2024’s potential Winners will be those who recognise that business models have to change. They need to move from being supply-driven to become demand-led, due to the end of the demographic dividend.

The reason is simply that the world’s Top 10 economies are two-thirds of global GDP. And as the chart shows, 8 of them are ageing very rapidly:

  • Back in 1950 the G10 populations were all very young. Only about 15% were in the Perennials 55+ age range
  • But yesterday’s ‘demographic dividend’ has become today’s ‘demographic deficit’. The Perennials proportion will have more than doubled by 2030 to around 35%
  • Brazil and India are the only exceptions, with a Perennials proportion of 24% and 18% respectively
  • But both countries are relatively poor, and together only account for 5% of global GDP.

Today’s population growth is now being driven by increasing life expectancy, rather than births.  Essentially, the Boomers are therefore becoming the Perennials.

And whilst increasing life expectancy is good news for them personally, it is bad news for economic growth.  They are essentially a replacement economy. They already own most of what they need, and their incomes decline as they move into retirement.
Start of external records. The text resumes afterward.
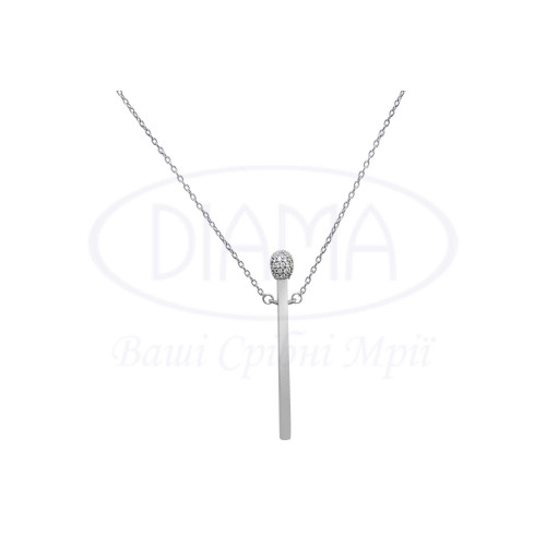 Срібне кольє у формі сірника з білим цирконом. Срібло 925 проби, покрите родієм. Висота сірника - 43,5 мм, товщина - від 2,5 до 5,5 мм.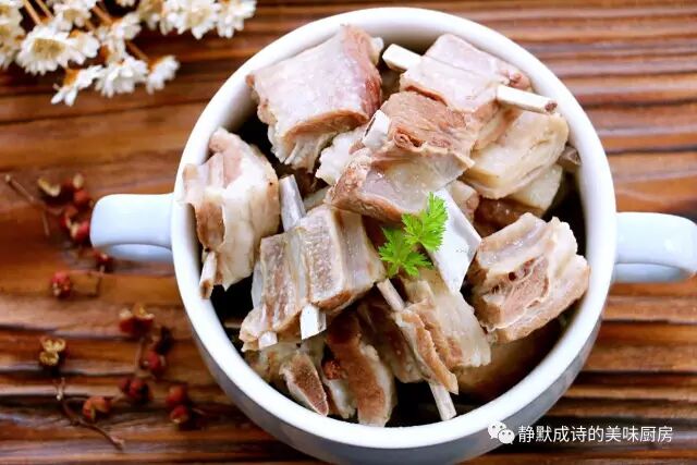 羊肉性温,冬天多食羊肉有助于御寒保暖,而且还能增加消化酶,保护胃壁,修复胃粘膜,帮助脾胃消化,起到抗衰老的作用。羊排,羊身上最为鲜嫩的部位,不论是做羊肉手抓饭还是清炖红烧,羊排都为上选。今天分享给大家的是【清炖羊排】。准备好羊排、盐、热水,再加几粒花椒即可。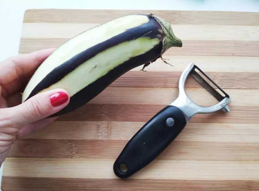 Как упоминалось выше, кожура у баклажанов является основным «накопителем» горечи. Поэтому если кулинарный рецепт допускает использование исключительно мякоти, плод нужно просто очистить от кожуры и далее готовить желаемое блюдо.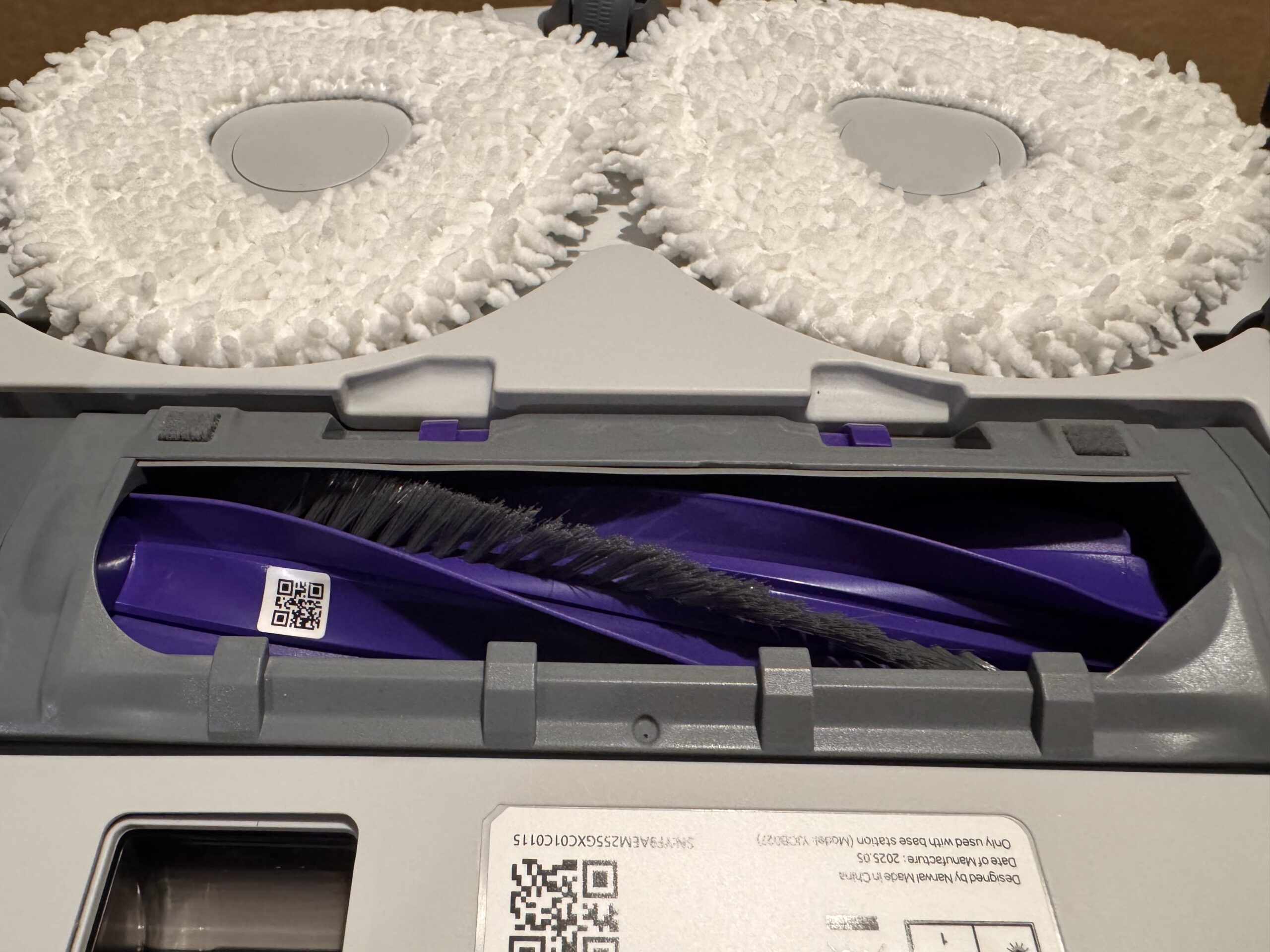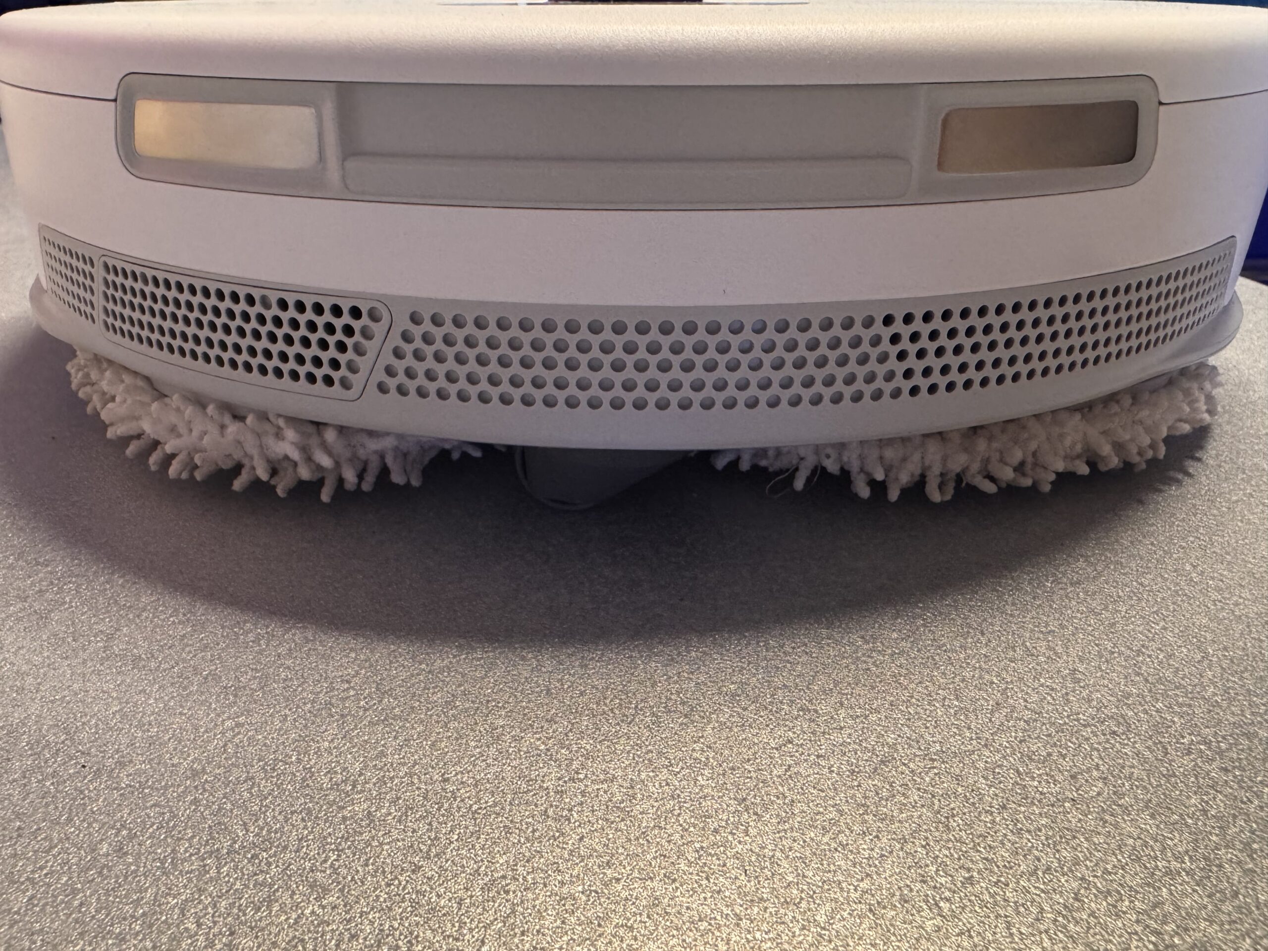 Sulla parte superiore si trova un coperchio magnetico removibile che nasconde il vano raccoglipolvere, mentre al centro campeggia la torretta con il pulsante di accensione e spegnimento. Nella parte inferiore sono disposte la spazzola centrale, le due ruote motrici, la spazzola laterale rotante e l’area magnetica per l’aggancio del panno lavapavimenti, affiancata da una ruotina direzionale.

This matters for the global economy because consumption is 60% – 70% of GDP in western economies.

Since 2000, this impact has been disguised by the central banks’ reckless stimulus policy:

  • Essentially, they tried to “print babies” to create demand
  • But their failure is evident in the vast pile of global debt that the policy has created
  • Instead of the promised growth, this has now reached an eye-watering $310tn, nearly double 2008’s level

In addition, we have now lost the ‘peace dividend’ that enabled governments to reduce defence spending after the end of the Cold War.

As the chart of UK Defence and Health spending as a % of GDP shows, this freed up vast amounts of money. It was instead spent on domestic priorities such as health, education and transport.

By 1998, US President Bill Clinton was even able to boast in his State of the Union address that the US had achieved a balanced budget for the first time in 30 years.

But fast forward to today. Russia’s economy is back on a war footing as President Putin has confirmed. In response, Germany’s Defence Minister, Boris Pistorius, has already suggested the government may well need to follow Sweden’s example and reintroduce conscription.

The next few years are therefore likely to be very different from anything that we have known in our working lives.

Some of us do, of course, remember the Cold War. But none of us have ever lived in an economy facing a major demographic deficit and a record level of debt.

And so scenario planning is therefore essential in the face of this uncertainty.